At the meeting, the decision was quite divided with a 7 to 3 vote against raising interest rates in this meeting. The implementation of the policy will be done through open market operations to maintain the rates in the target range of 0.25% to 0.50% by the Open Market Desk at the Federal Reserve Bank of New York.
Chart View: US Economic Data
The decision was quite divided with a 7 to 3 vote against raising interest rates in this meeting. The implementation of the policy will be done through open market operations to maintain the rates in the target range of 0.25% to 0.50% by the Open Market Desk at the Federal Reserve Bank of New York. It should be noted that the Fed considers three major economic variables to decide the appropriate monetary policy: GDP growth, unemployment rate and Inflation based on Personal Consumption expenditure Index (PCE Inflation).
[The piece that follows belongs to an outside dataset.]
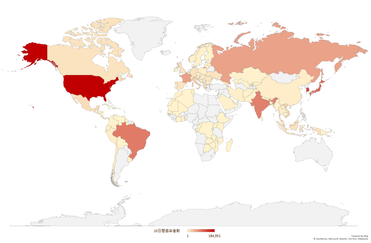 | 国名 | 10日間 感染者 |

Although the economic indicators pointed towards a steady labor market growth and reasonable GDP growth, inflation is still way below the long-term target of 2%. The decline in oil prices has had an effect on keeping inflation low. Consumer spending showed an upward path in August but fixed investment by corporates has remained soft creating pressure on GDP growth as well.
Considering these mixed data points, the Fed decided to wait for some more time to get further confirmation from the economic variables. The fed also had global growth concerns and financial market volatility at the back of its mind in keeping the status quo.
The rate has stayed in this range since December 2015, when the Fed had decided it was time to stop the economy from overheating. It had indicated four possible rate hikes in 2016 but there has been none so far. The Fed has been in a cautious stance for the whole year, but indicated a possible rate hike later this year based on steadily improving employment growth data.
The Fed holds eight such planned meetings during a calendar year and further non-planned meetings as needed. There are two more meetings scheduled this year on November 1st and December 13th. It will be interesting to see Fed’s comments in the November meeting as it is scheduled just before the presidential elections.